» Exercise data
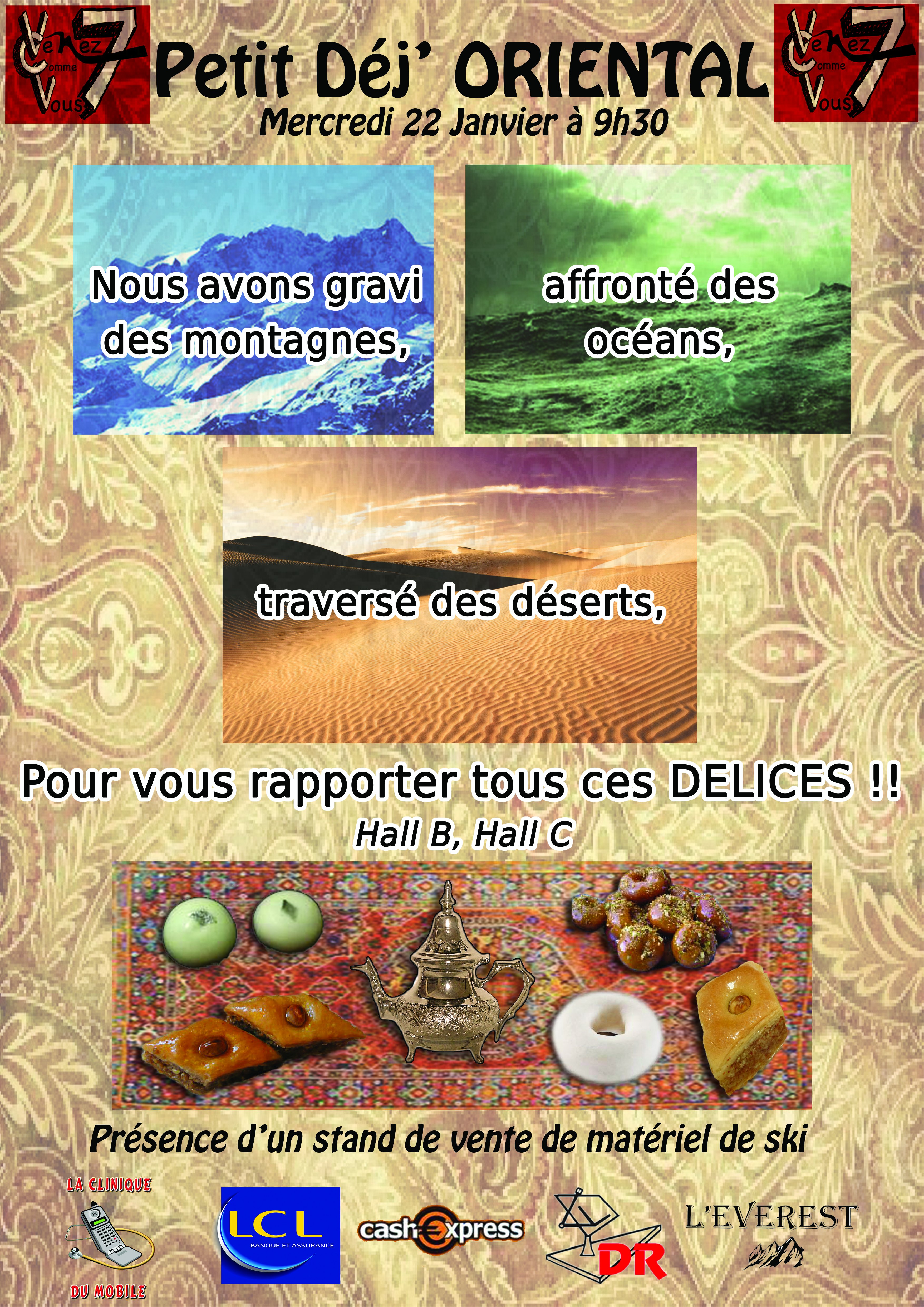 Viens savourer le Mercredi 22 Janvier les délices d'un petit déjeuner oriental avec VCV7
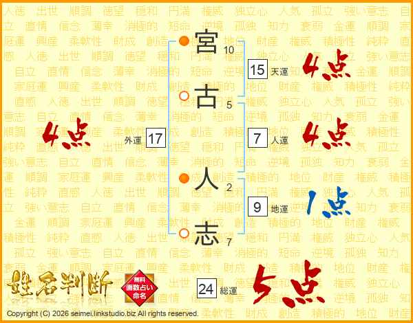 宮古人志さんの天運は15画の4点!
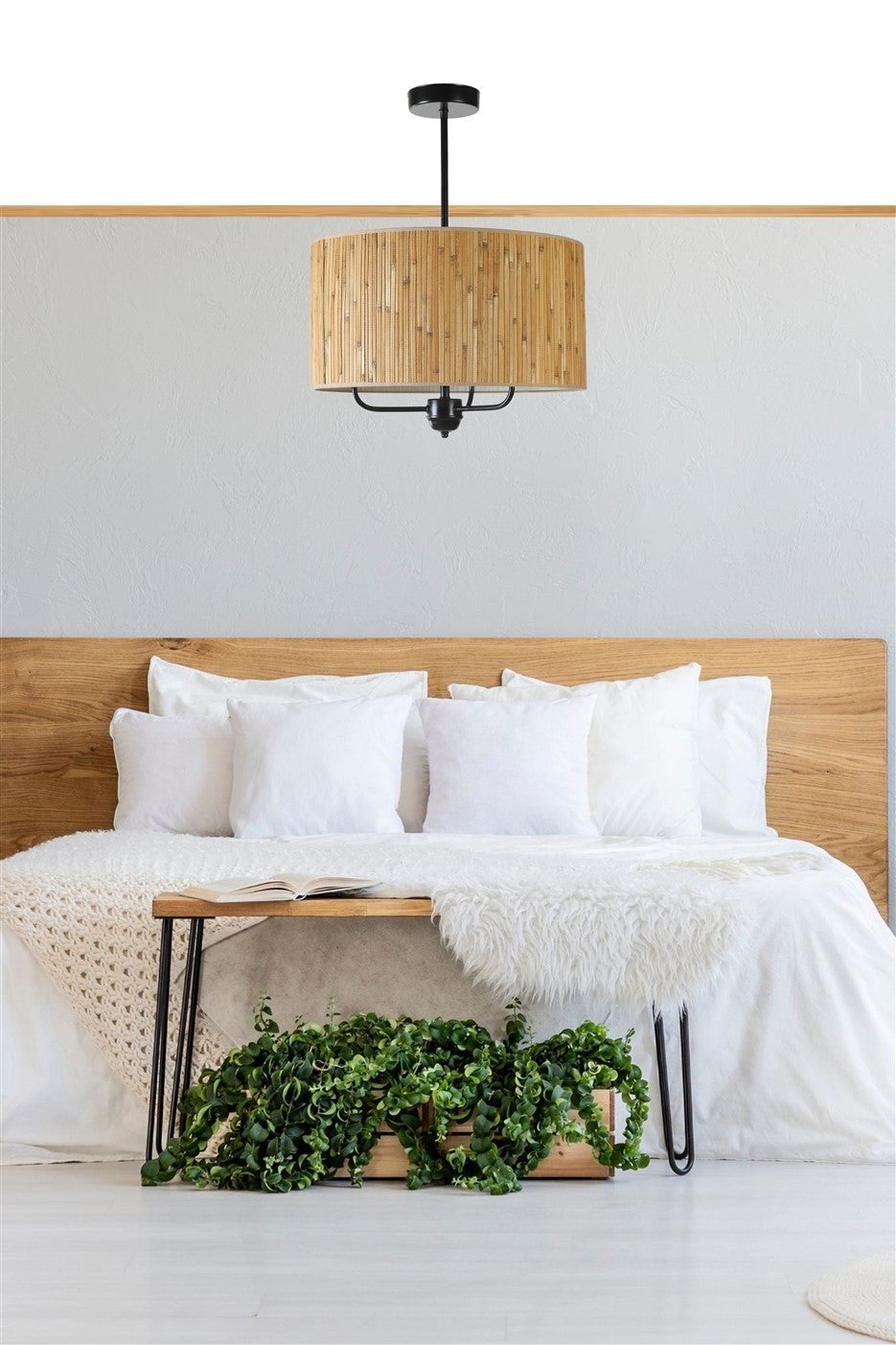 Candeeiro de Teto – 45 cm – Preto – Bambu e metal

» Exercise
Write the data out again word for word; leave the pictures behind.

» Exercise answer
 Viens savourer le Mercredi 22 Janvier les délices d'un petit déjeuner oriental avec VCV7
 宮古人志さんの天運は15画の4点!
 Candeeiro de Teto – 45 cm – Preto – Bambu e metal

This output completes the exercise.